Release and Receive

You received without paying; give without pay.
— Jesus, Matthew 10:8 ESV

I stood knee deep in a river beside a few Jews in what was for me a rather awkward moment—I was in a bathing suit, and these fellas were in their birthday suits. For them, the Jewish ritual of mikvah was nothing new, a ritual cleansing before a special occasion. In this case, I’d joined them for Shavuot, or as we call it, Pentecost. I’d never seen anything quite like this in Pentecostal churches, and I’ve seen a lot. In all of its oddity, this was actually quite sacred; they were preparing their bodies, minds, and souls to encounter the Lord on this holy day.

Down river, as we stood side-by-side in the frigid flow, our guide provided instruction: “Before we immerse ourselves, consider what you want to release, and what you need to receive.” I felt like I’d been teleported onto the set of A River Runs Through It and a televangelist was now selling me something spectacular from the Holy Land. It’s rare you’ll hear a phrase like release and receive, unless you’re watching some huckster on the tube promising you prosperity in exchange for a monthly gift of $7, $77, or if you really want to be blessed, a one-time faith pledge of $777.

Worry, I thought to myself. I release worry, and I receive trust. Together, we fell headlong into the river. I thought we were done after this inaugural immersion, trust now dripping from my shaking shoulders (did I mention the water was cold?). Apparently, we needed to release and receive more things, or get the last thing right, so we did it again, and again, three times in all. I released everything I could think of. I’m sure I received quite a lot.

I’m a skeptic of the prosperity gospel. I’d prefer to call it prosperity heresy because it both rhymes better and is a more accurate description of the theological fallacy whereby those with microphones promise onlookers financial blessing if they give to a ministry. The logic is simple: if you do this, God will do that. I’d label this theology as Deuteronomistic, though we’d need to unpack that later. It’s a dangerous theology, one that sells hope in exchange for money.

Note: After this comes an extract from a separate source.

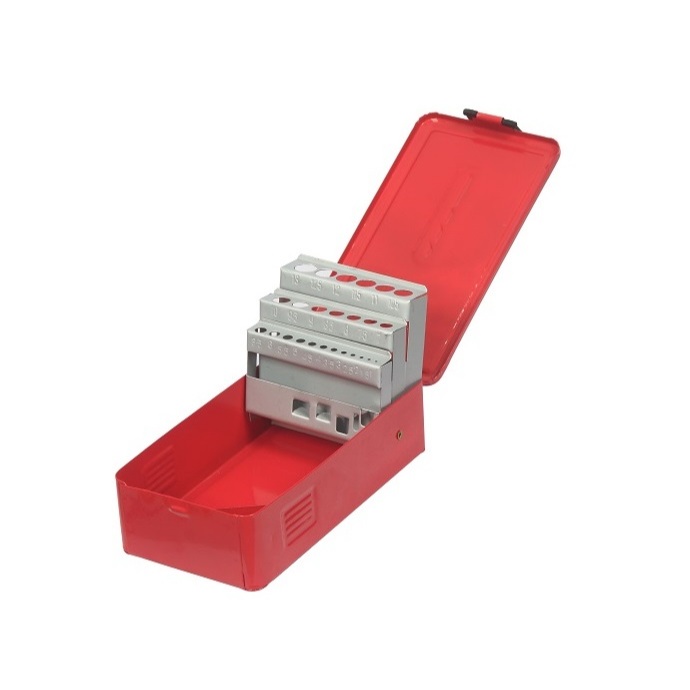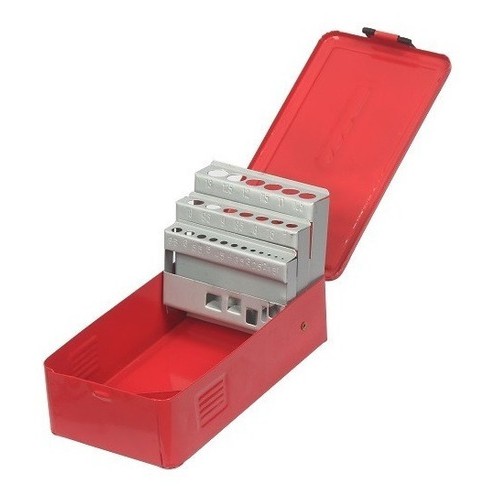 CAIXA METÁLICA ORGANIZADORA DE BROCAS ***ATENÇÃO, NÃO ACOMPANHAM AS BROCAS Estojo com 25 furos para organizar suas brocas de 1,0 até 13,0mm Não acompanha as brocas. somente estojo vazio Tamanho do estojo: 05cmX10cmX19Xcm
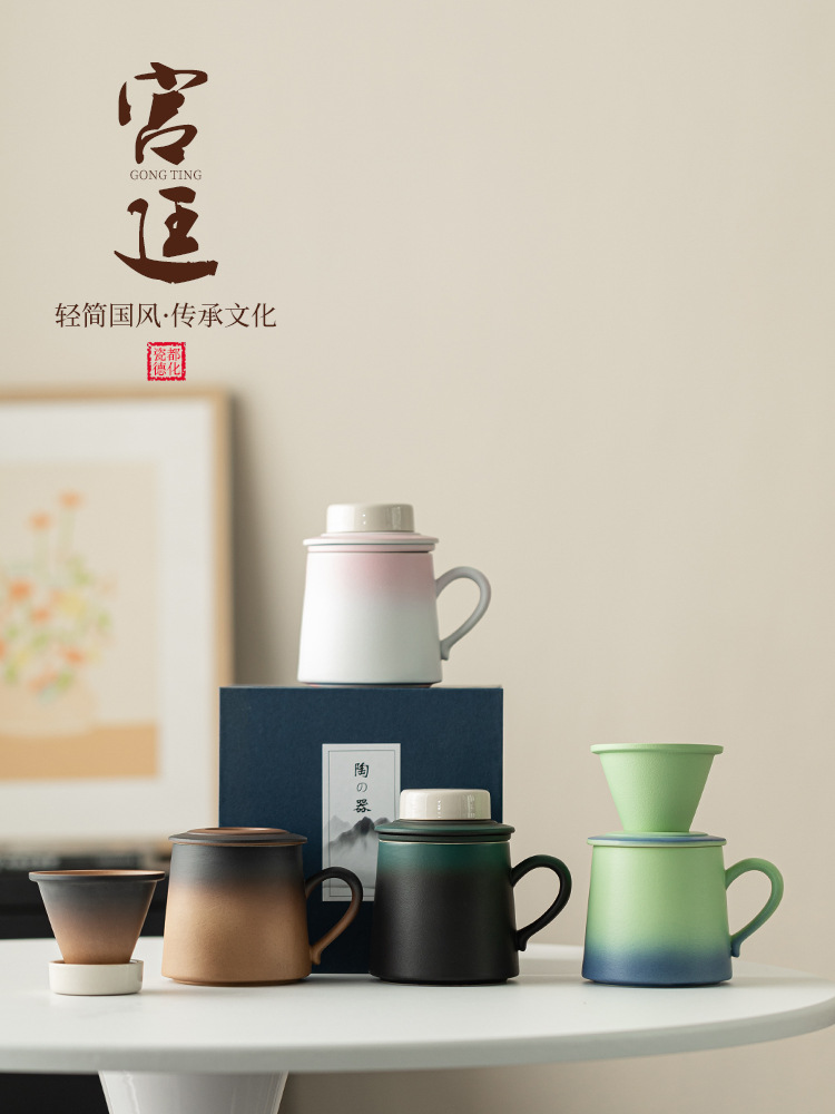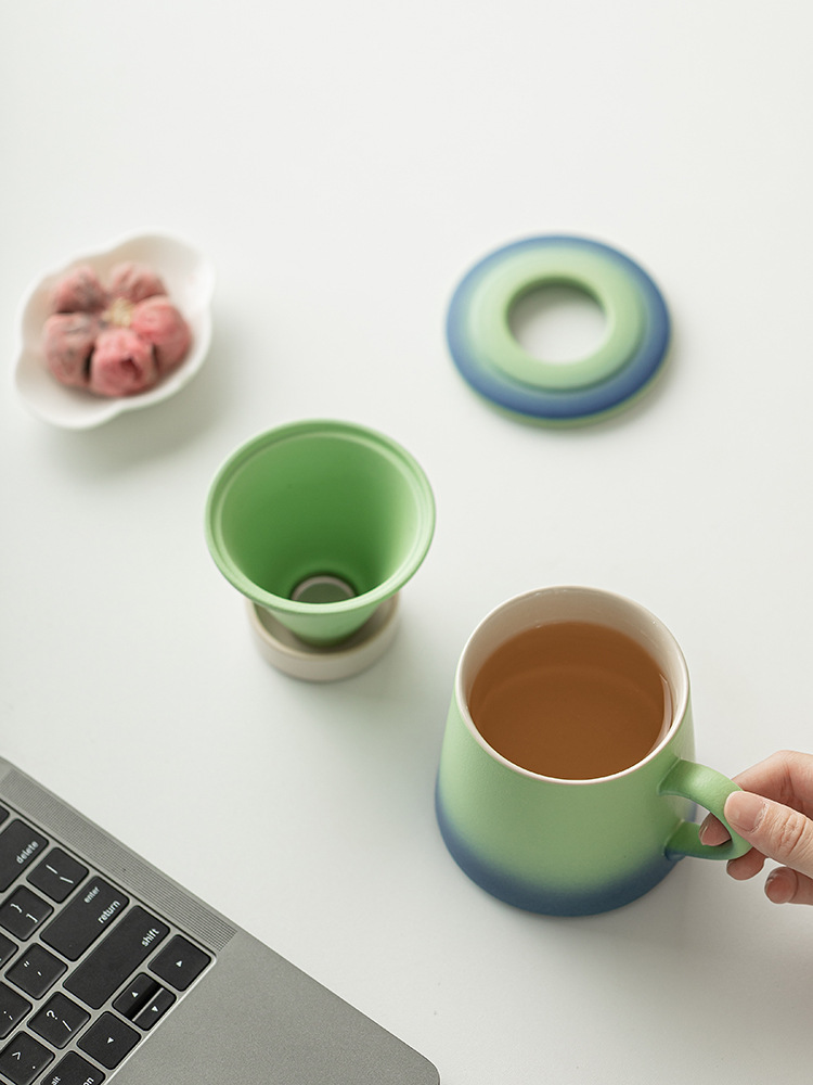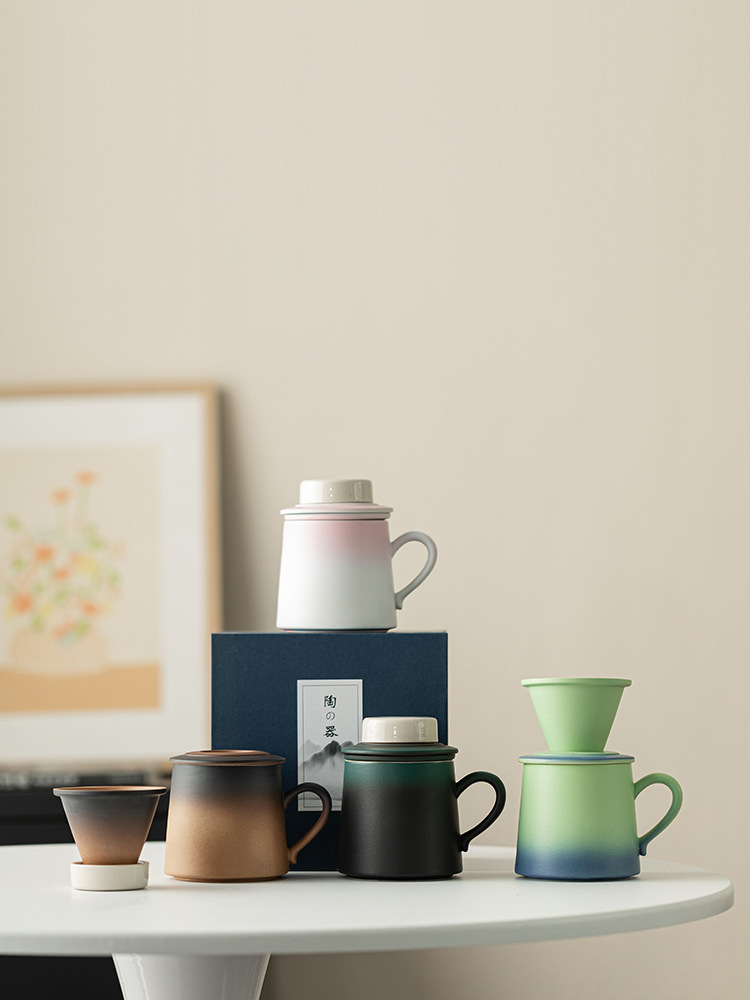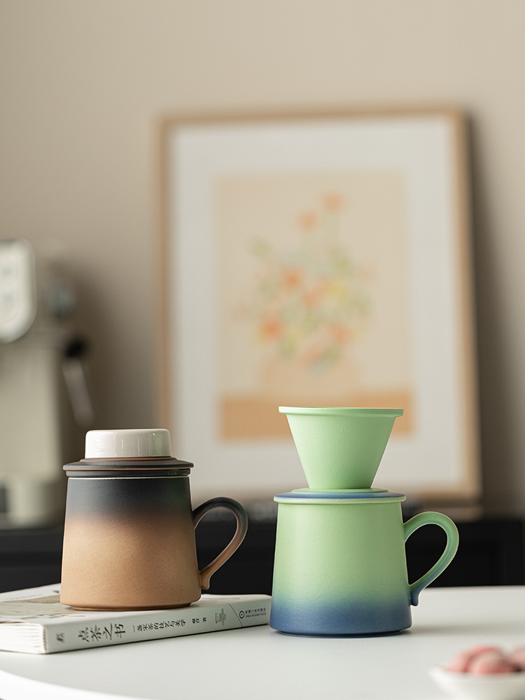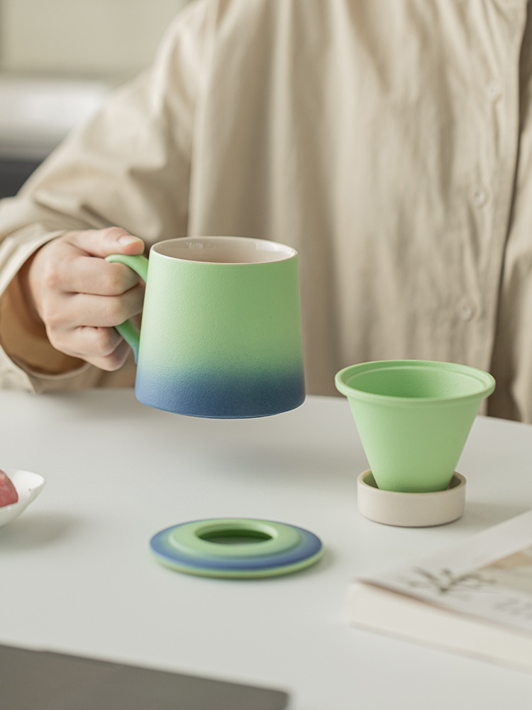 Cốc lọc trà cà phê màu gradient cốc nước gốm sứ giá trị cao cốc cà phê cá nhân văn phòng cốc tách trà

You received without paying; give without pay, said Jesus as he bestowed the Twelve with authority, sending them out penniless to do ministry. You see, the economy of grace, the economy in which we live as children of God, goes like this: you received from God, therefore give; not, give to God so you can get something in return. There is a cycle of trust, a divine exchange that involves releasing and receiving, but it’s not a formula, it’s a love affair. It’s the overflow of a heart that has experienced the grace of God and therefore billows out blessings, some of them financial, back to the Lord and others. The river of the economy of grace flows from receiving to releasing, not releasing so you can receive more money.

Perhaps we need to release the idea that we give in order to appease God, in order to get more, and receive the understanding that we’ve received freely; now we give freely—just because.